© Monika Rittershaus
Karin Strobos redt ‘Der Rosenkavalier’ bij De Nederlandse Opera
De productie ‘Der Rosenkavalier’ van De Nederlandse Opera in 2004 werd geteisterd door tegenslagen. Vijf maanden voor de première overleed de sopraan Susan Chilcott, die in de productie de Feldmarschallin zou vertolken. Het was de laatste productie van Edo de Waart als chefdirigent bij DNO en tijdens de repetitieperiode werd regisseur Willy Decker ziek, waarna de enscenering werd ingevuld door Brigitte Fassbaender.
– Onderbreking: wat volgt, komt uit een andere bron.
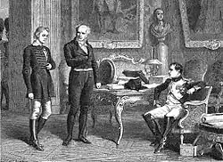 The Treaty of Schönbrunn (French: Traité de Schönbrunn; German: Friede von Schönbrunn), sometimes known as the Peace of Schönbrunn or the Treaty of Vienna, was signed between France and Austria at Schönbrunn Palace near Vienna on 14 October 1809. The treaty ended the Fifth Coalition during the Napoleonic Wars, after Austria had been defeated at the decisive Battle of Wagram on 5–6 July.

Heel verstandig was het dan ook niet van DNO om de première van de reprise van deze productie op vrijdag de 13e plannen.
Voor aanvang van de première van de opera ‘Der Rosenkavalier’ (1911) van Richard Strauss (1864 – 1949) kwam hoofd artistieke zaken van DNO Hein Mulders – die net als artistiek directeur Pierre Audi en zakelijk directeur Truze Lodder per 2013 vertrekt bij DNO – voor het doek en vertelde aan het publiek, dat Magdalena Kožená en Michelle Breedt hadden afgezegd voor de rol van Octavian. Op typerende liefdeloze toon en met nonchalance kondigde hij als vervangster de mezzosopraan Karin Strobos aan, die hierdoor als Octavian haar grote DNO debuut maakt, iets waar iedere jonge Nederlandse zanger toch van droomt.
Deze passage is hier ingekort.